Open itmo153277 opened this issue 8 months ago • 2 comments

Description

Since implicit quantization is deprecated, I started migrating my model pipeline to explicit quantization. However, I encountered some issues:

Different behaviour with concat:

With implicit quantization the graph looks like this:

A(fp16:linear) -> Concat
B(fp16:linear) -> Concat
C(fp16:linear) -> Concat -> Quantize+Reformat -> Conv

Basically, concat is replaced with a basic copy, since all inputs are aligned.

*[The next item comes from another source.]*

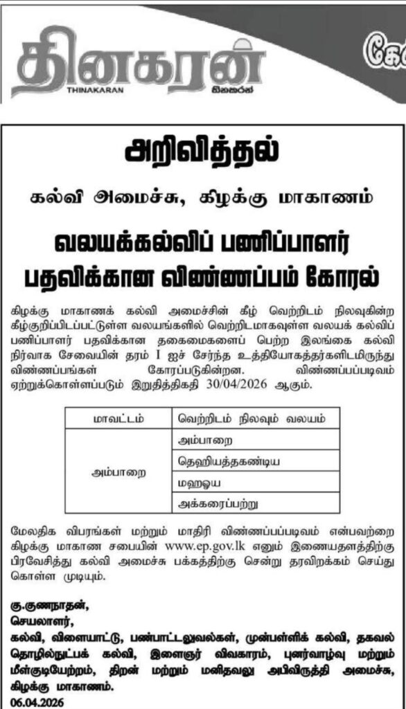 கிழக்கு மாகாண கல்வி அமைச்சின் கீழ் செயல்படும் அக்கரைப்பற்று , அம்பாறை, தெஹியத்தகண்டிய , மஹஓய போன்ற கல்வி வலயங்களில் வெற்றிடமாகவுள்ள வலயக் கல்விப் பணிப்பாளர் பதவிகளை நிரப்புவதற்காக தகுதியானவர்களிடமிருந்து விண்ணப்பங்கள் கோரப்பட்டுள்ளன.

However, when I use explicit quantization the graph becomes like this:

A(fp16:linear) -> Quantize --> Concat
B(fp16:linear) -> Quantize --> Concat
C(fp16:linear) -> Quantize --> Concat --> Reformat -> Conv

TRT switched up Quantize and Concat, but this resulted in a suboptimal graph which is ~30% slower. No matter what I tried, I was not able to reproduce the plan from the implicit quantization using the explicitly quantized model.

Q/DQ placement with ConvTranspose.

With implicit quantization TRT is able to fuse ConvTranspose and activation, and according to all recommendations, Q/DQ nodes should be placed like this:

input -> Q -> DQ -> ConvTranspose -> Activation -> Q -> DQ -> output

However, when I try this method, TRT fails to merge ConvTranspose and activation and this results in an invalid output. I am forced to do it like this:

input -> Q -> DQ -> ConvTranspose -> Q -> DQ -> Activation -> Q -> DQ -> output

Explicitly quantized convolutions are slower than implicitly quantized ones

I get consistently slower profiling results with explicitly quantized model (~5%), and it seems like it mostly comes down to tactic selection. Algorithm selectors are deprecated and I cannot understand how to use editable timing cache for CaskConvolution nodes because there are absolutely no cache keys in verbose logs.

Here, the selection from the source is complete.